**EXERCISE REQUIREMENTS:** The material below should be copied line for line, please, with pictures omitted.

**COLLECTED MATERIAL:**
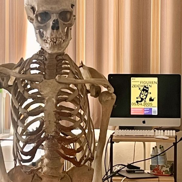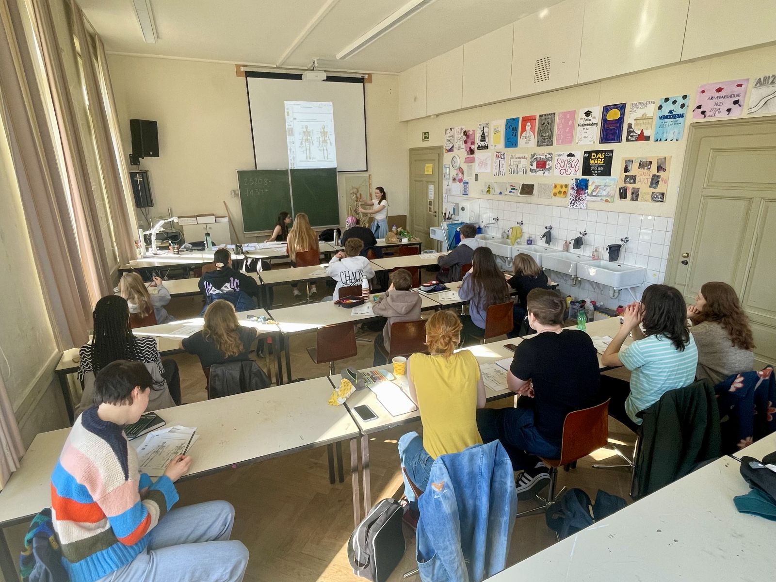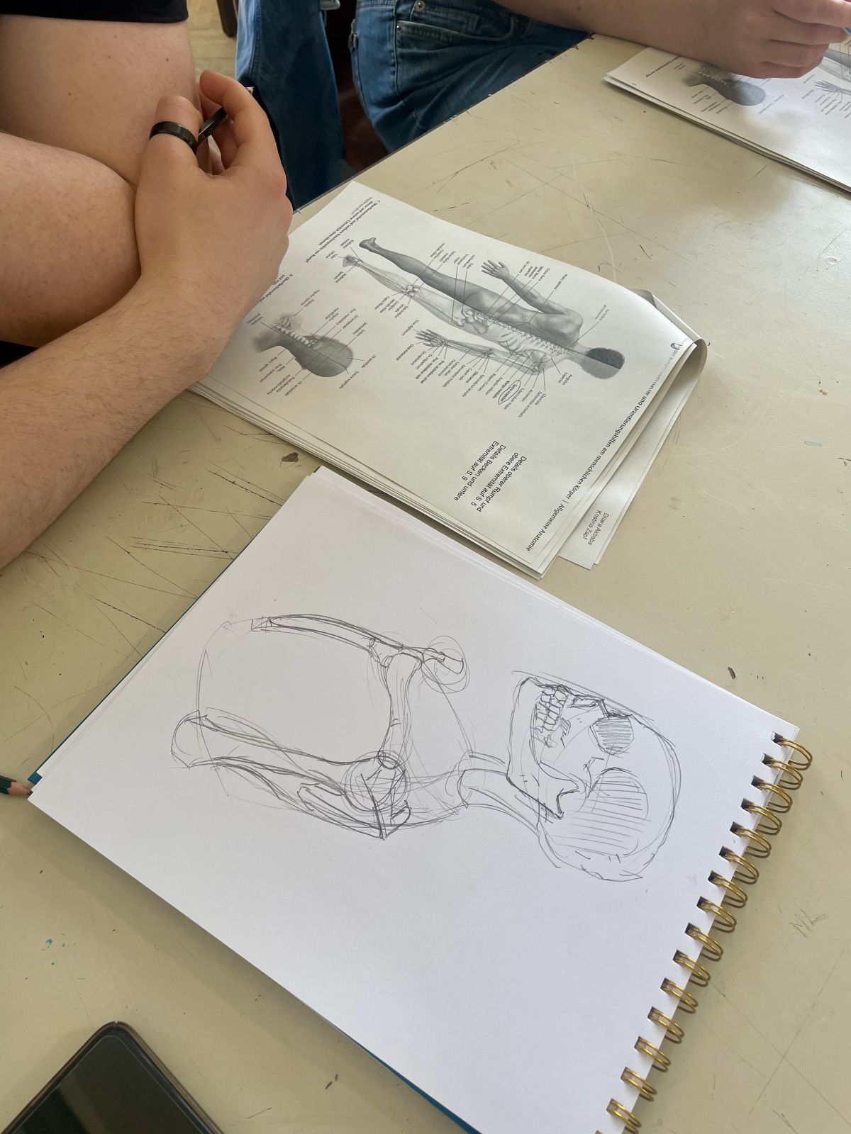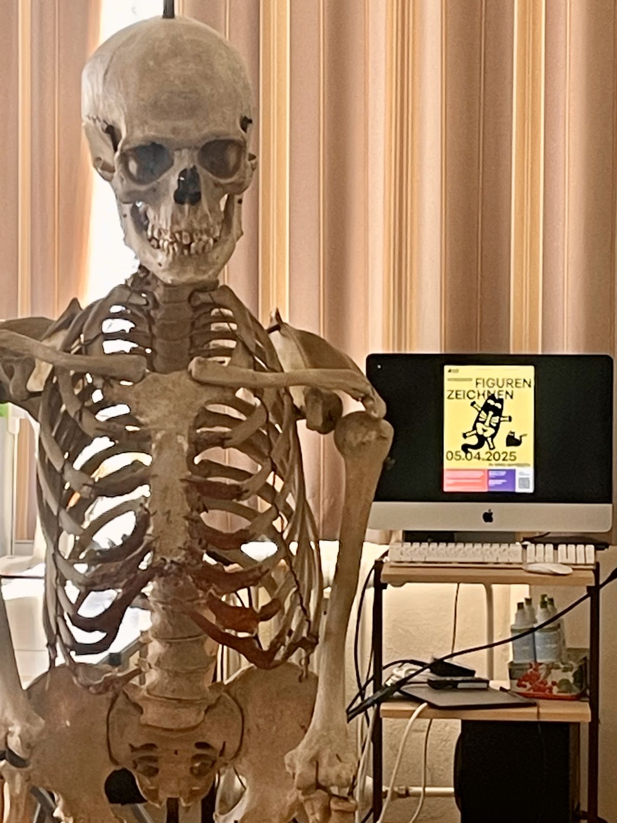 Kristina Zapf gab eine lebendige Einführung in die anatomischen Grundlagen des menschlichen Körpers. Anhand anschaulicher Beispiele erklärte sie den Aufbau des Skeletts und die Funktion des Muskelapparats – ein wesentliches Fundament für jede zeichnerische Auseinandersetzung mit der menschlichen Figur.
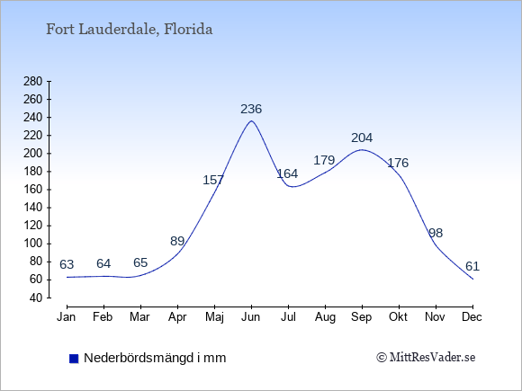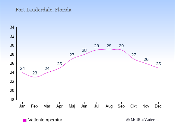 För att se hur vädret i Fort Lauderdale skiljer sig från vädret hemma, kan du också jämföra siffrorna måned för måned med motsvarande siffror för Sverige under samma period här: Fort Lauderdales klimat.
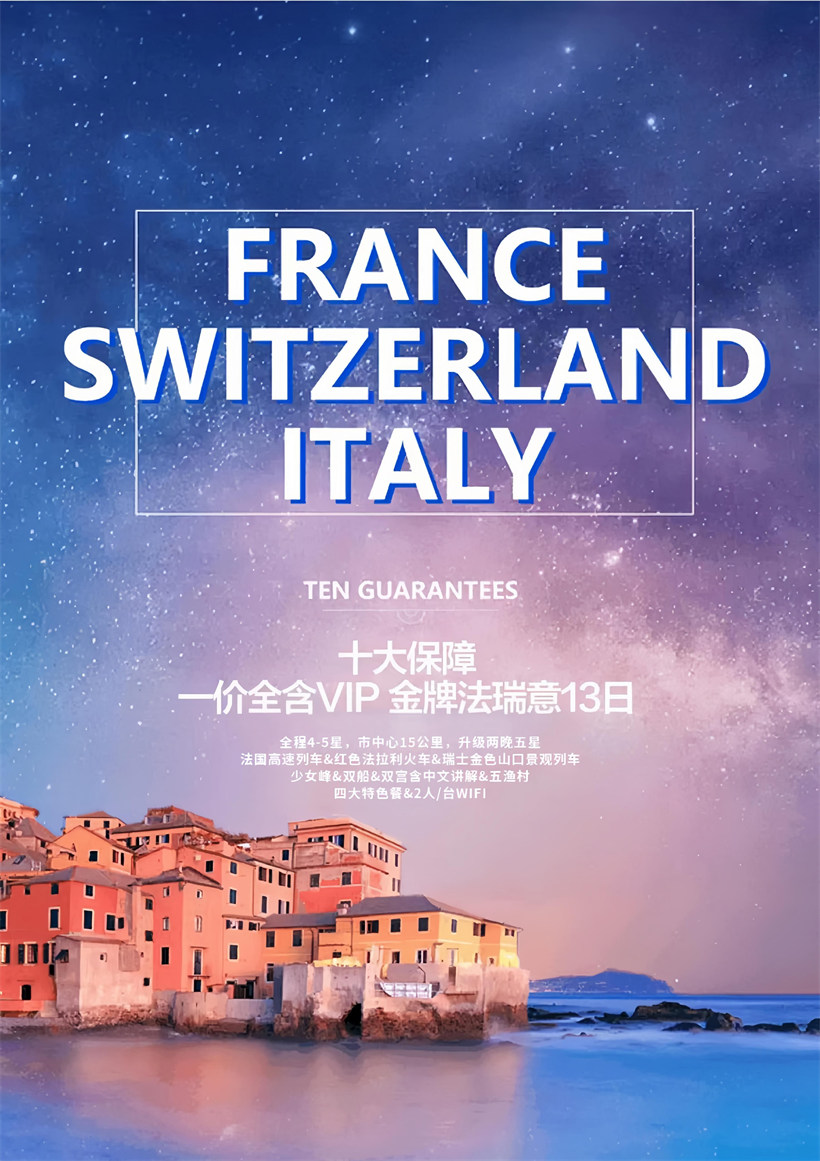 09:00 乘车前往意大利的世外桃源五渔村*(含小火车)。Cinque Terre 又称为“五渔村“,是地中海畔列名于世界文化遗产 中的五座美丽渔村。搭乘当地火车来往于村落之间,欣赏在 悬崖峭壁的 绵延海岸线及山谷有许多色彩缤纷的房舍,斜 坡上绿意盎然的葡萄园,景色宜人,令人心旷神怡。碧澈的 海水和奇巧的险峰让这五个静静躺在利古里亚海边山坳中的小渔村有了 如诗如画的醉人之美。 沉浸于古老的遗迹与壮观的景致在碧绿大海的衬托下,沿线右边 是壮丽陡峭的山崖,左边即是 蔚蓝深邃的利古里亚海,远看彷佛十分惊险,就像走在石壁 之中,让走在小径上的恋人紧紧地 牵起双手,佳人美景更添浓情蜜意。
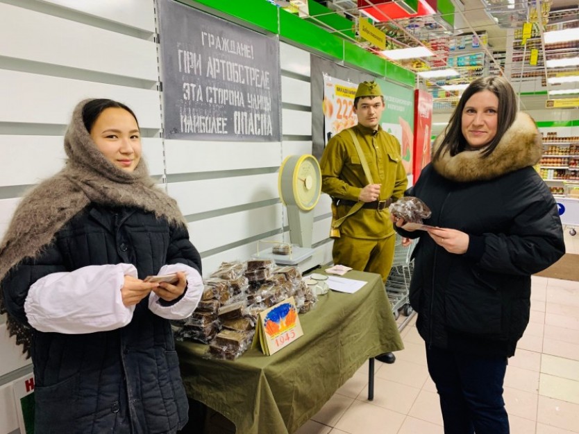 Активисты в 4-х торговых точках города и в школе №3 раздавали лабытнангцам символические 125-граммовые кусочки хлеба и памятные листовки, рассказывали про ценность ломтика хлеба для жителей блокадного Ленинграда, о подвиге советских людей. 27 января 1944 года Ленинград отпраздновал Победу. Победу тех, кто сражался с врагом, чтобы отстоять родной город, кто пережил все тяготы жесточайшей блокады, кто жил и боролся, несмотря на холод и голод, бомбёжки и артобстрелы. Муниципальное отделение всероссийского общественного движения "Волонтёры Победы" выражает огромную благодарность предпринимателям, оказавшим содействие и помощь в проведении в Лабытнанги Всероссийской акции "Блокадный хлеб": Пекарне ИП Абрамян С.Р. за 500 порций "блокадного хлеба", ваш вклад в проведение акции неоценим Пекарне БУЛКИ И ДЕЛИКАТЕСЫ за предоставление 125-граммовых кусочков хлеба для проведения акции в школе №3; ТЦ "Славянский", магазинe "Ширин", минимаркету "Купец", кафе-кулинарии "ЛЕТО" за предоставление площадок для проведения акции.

**RESPONSE:**
 Kristina Zapf gab eine lebendige Einführung in die anatomischen Grundlagen des menschlichen Körpers. Anhand anschaulicher Beispiele erklärte sie den Aufbau des Skeletts und die Funktion des Muskelapparats – ein wesentliches Fundament für jede zeichnerische Auseinandersetzung mit der menschlichen Figur.
 För att se hur vädret i Fort Lauderdale skiljer sig från vädret hemma, kan du också jämföra siffrorna måned för måned med motsvarande siffror för Sverige under samma period här: Fort Lauderdales klimat.
 09:00 乘车前往意大利的世外桃源五渔村*(含小火车)。Cinque Terre 又称为“五渔村“,是地中海畔列名于世界文化遗产 中的五座美丽渔村。搭乘当地火车来往于村落之间,欣赏在 悬崖峭壁的 绵延海岸线及山谷有许多色彩缤纷的房舍,斜 坡上绿意盎然的葡萄园,景色宜人,令人心旷神怡。碧澈的 海水和奇巧的险峰让这五个静静躺在利古里亚海边山坳中的小渔村有了 如诗如画的醉人之美。 沉浸于古老的遗迹与壮观的景致在碧绿大海的衬托下,沿线右边 是壮丽陡峭的山崖,左边即是 蔚蓝深邃的利古里亚海,远看彷佛十分惊险,就像走在石壁 之中,让走在小径上的恋人紧紧地 牵起双手,佳人美景更添浓情蜜意。
 Активисты в 4-х торговых точках города и в школе №3 раздавали лабытнангцам символические 125-граммовые кусочки хлеба и памятные листовки, рассказывали про ценность ломтика хлеба для жителей блокадного Ленинграда, о подвиге советских людей. 27 января 1944 года Ленинград отпраздновал Победу. Победу тех, кто сражался с врагом, чтобы отстоять родной город, кто пережил все тяготы жесточайшей блокады, кто жил и боролся, несмотря на холод и голод, бомбёжки и артобстрелы. Муниципальное отделение всероссийского общественного движения "Волонтёры Победы" выражает огромную благодарность предпринимателям, оказавшим содействие и помощь в проведении в Лабытнанги Всероссийской акции "Блокадный хлеб": Пекарне ИП Абрамян С.Р. за 500 порций "блокадного хлеба", ваш вклад в проведение акции неоценим Пекарне БУЛКИ И ДЕЛИКАТЕСЫ за предоставление 125-граммовых кусочков хлеба для проведения акции в школе №3; ТЦ "Славянский", магазинe "Ширин", минимаркету "Купец", кафе-кулинарии "ЛЕТО" за предоставление площадок для проведения акции.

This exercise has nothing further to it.